Monday 9 May 2016

Term Life

A thieving father kidnaps his daughter to protect her from Mexican gangsters. It’s like Taken, but backwards and terrible. Starring that guy from Old School.

The advantage of making a film, as opposed to a book, is that you are allowed to show rather than tell. Term Life proceeds to ignore this fact and instead presents an hour and a half of pure narration. Of course this narration is essential, as it delivers 80% of the plot ...Did I say plot? I meant Rain Man-esque tips on how to rob bakeries, though these ‘tips’ are as mundane as “you need a way in and, more importantly, a way out”. Needless to say it’s not all as exciting hearing about what you could otherwise watch; it’s like having an annoying friend sitting beside you explaining every plot point.

When the film isn’t delivering its ear-load of weak plot, it provides a strange amount of broken family subtext. It’s an action film for middle aged, single fathers who miss their families and are still coming to terms the emotional hardship that divorce causes. The three main characters can be summarised as fatherly figure who has seen it all, actual father that is borderline autistic in terms of emotion, and angst-y teen daughter rebelling against the father that abandoned her. It’s like listening to an audio book on cliché character creation.
I will find you, and I will bore you.
Given that the film is delivered mostly verbally it also tends to move at something of a breakneck pace. A scene only takes as long as the narration takes to explain it, then it often jumps to an unrelated scene.
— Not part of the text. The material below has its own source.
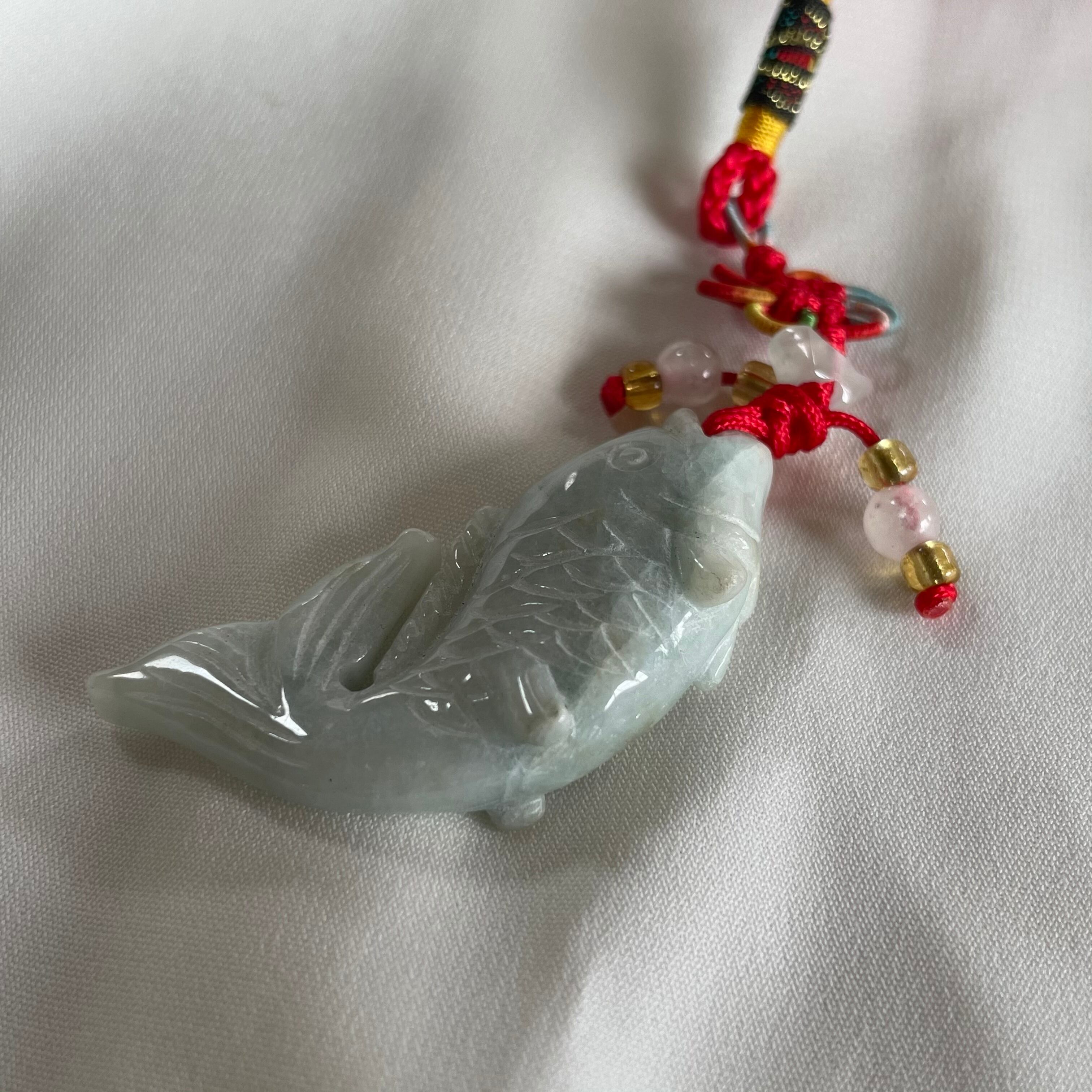 お買得!手彫り 縁起の良い鯉のチャーム 淡い色

It’s entertaining in the way that a burn might be, except burns heal and this film will never get better with age. With lines such as “Your Dad fills a lot of holes Kate”, and “my whole life I’ve been watching her” (spoken by the father about his daughter), who could resist a nice scalding third degree burn to the eyeballs.

The acting is average at the best of times, though upon further investigation I found that it was produced by WWE, as in the remarkably popular wrestling organisation. How the pieces all fall into place. Oh also the title just straight up doesn’t make sense. Life Sentence, Life Term or Heisty, Heist, Heist Family Issues would all have been more relevant.

As an audio book this film might warrant a passing grade, but due to it’s poor structure, plot delivery via excessive narration and all round terrible acting it warrants a 3/10 divorce papers.